Cathy all your posts are so helpful specifically because this is your profession. My Pediatrician gave me a prescription for sklice. I used it and then combed her hair...I actually found a lot of more nits than I expected and one dead bug (I'm sure there were more but that's the only one I saw). This is my first dealing with lice. My daughter is 5 and has very, very long beautiful curly hair that is difficult to manage. She's Puerto Rican and black, I only use cleansing conditions to was her hair and nothing with sulfates. I wasn't sure if washing her hair, or even just conditioning, her hair after the lice treatment would affect the treatment in any way. Still, there was no way for me to get a nit comb without some kind of moisturizer so I put olive oil in her hair to get the comb through. Was that ok? Can I was her hair? I'm also going to try blow drying her hair. I spent 6 hours yesterday between applying the product and combing her hair with many tears in between. I'm going to cut her hair, once this is over, to the middle of her back, which is about half her hair b/c I can't deal this again. :(

MJ said...
This comment has been removed by the author.
MJ said...

I meant to say can I wash her hair and condition it? How many weeks should I keep checking for lice/nits. I have no one that can check me for lice but my daughter's Pediatrician kindly checked me yesterday. I have no itchiness but find it strange I don't have it. Will using a nit comb for myself suffice? I'm so scared I have it or will get it.

Anonymous said...

Some hair dryers such as the Revlon Healthy Hair Laser Brilliance Ceramic Ionic Infrared Heat Dryer,claim to have infrared and/or ionic features.
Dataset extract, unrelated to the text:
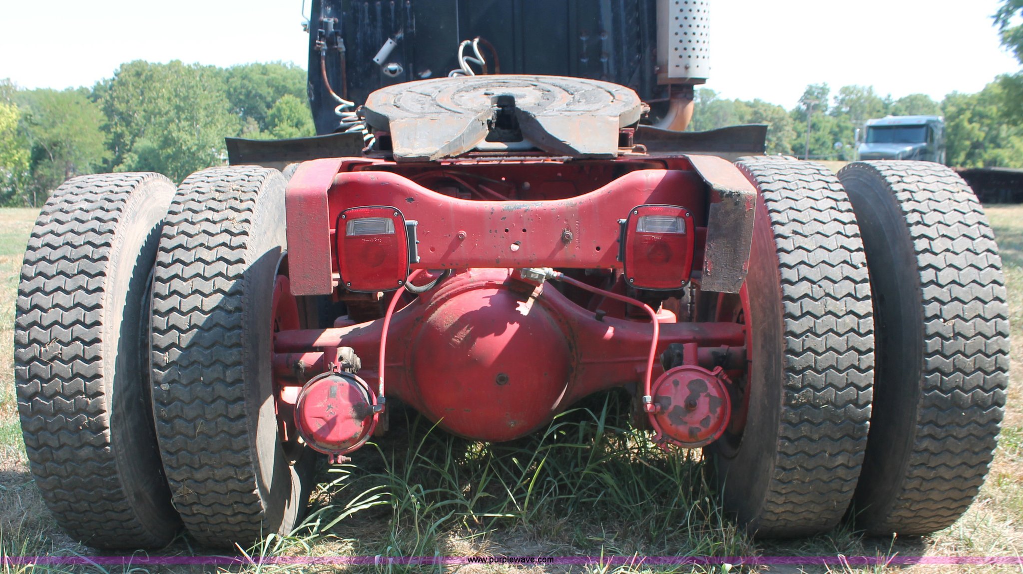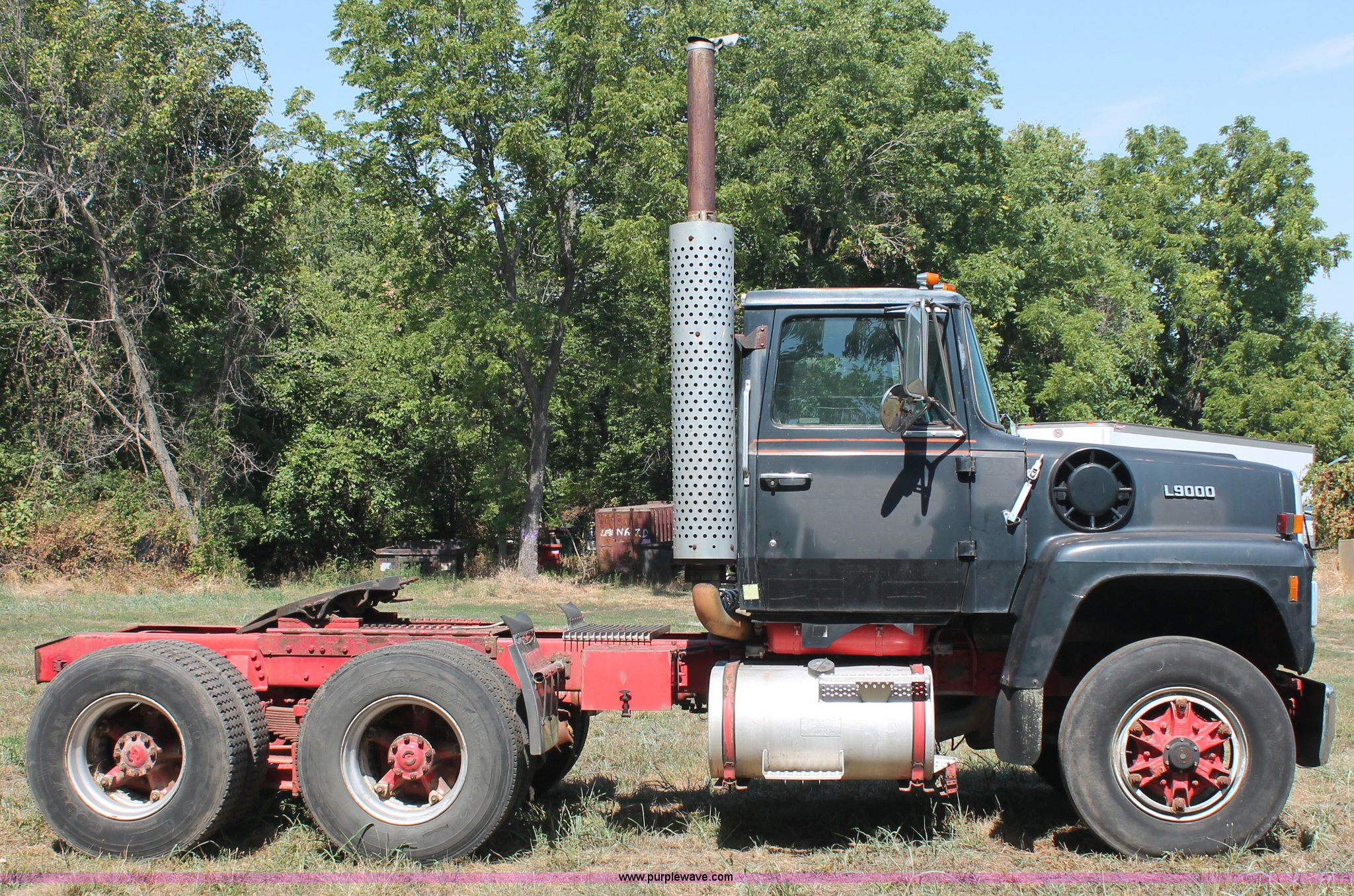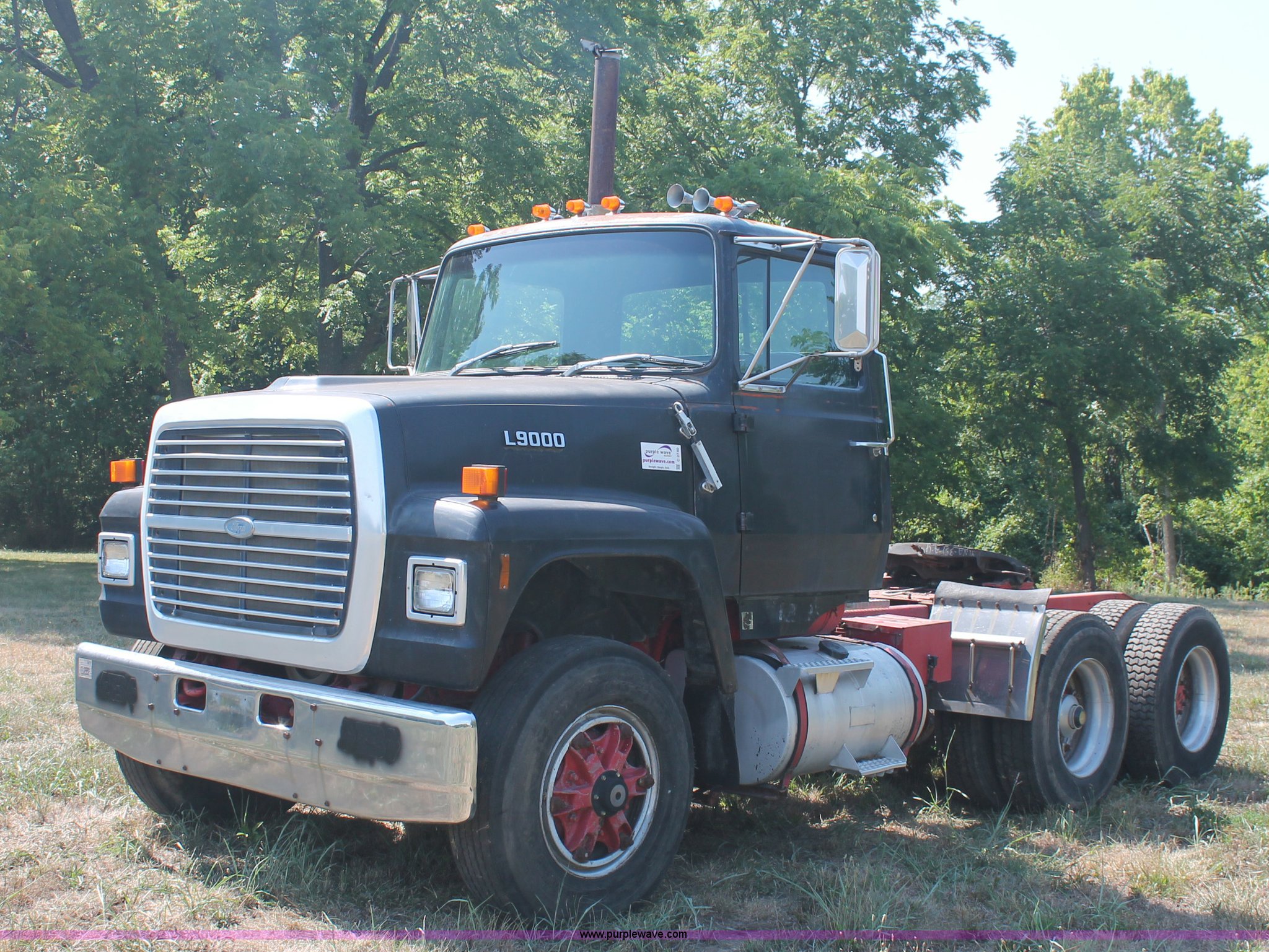 Purple Wave is selling a used Truck Tractor in Missouri. This item is a 1988 Ford LT9000 semi truck with the following: 88,252 miles on odometer, Cummins 350 N14 14.0L diesel engine, Eaton Fuller manual transmission, Twin screw, Differential lock, AC and heat, Air ride seat, Throttle lock, Dual 100 gallon fuel tanks, Single rear exhaust stack, Steel deck plate, Aluminum quarter fenders, PTO, Hendrickson suspension, Air brakes, Sliding fifth wheel, 11R22.5 tires, 162" wheelbase, GVWR 50,000 lbs

Does anyone know if these have any impact on lice?

Anonymous said...

Hi,

We have been dealing with head lice for literally years. We have family members that we dearly love that keep passing it back and forth with their other family members.

My husband and I found out that when we take olive leaf extract regularly we don't get them. The only time I got them is when I wasn't taking the olive leaf extract. The thought of them makes my head itch like crazy regardless!

I just bought the lice comb for a young family member, and will be buying a hair dryer today. Thanks!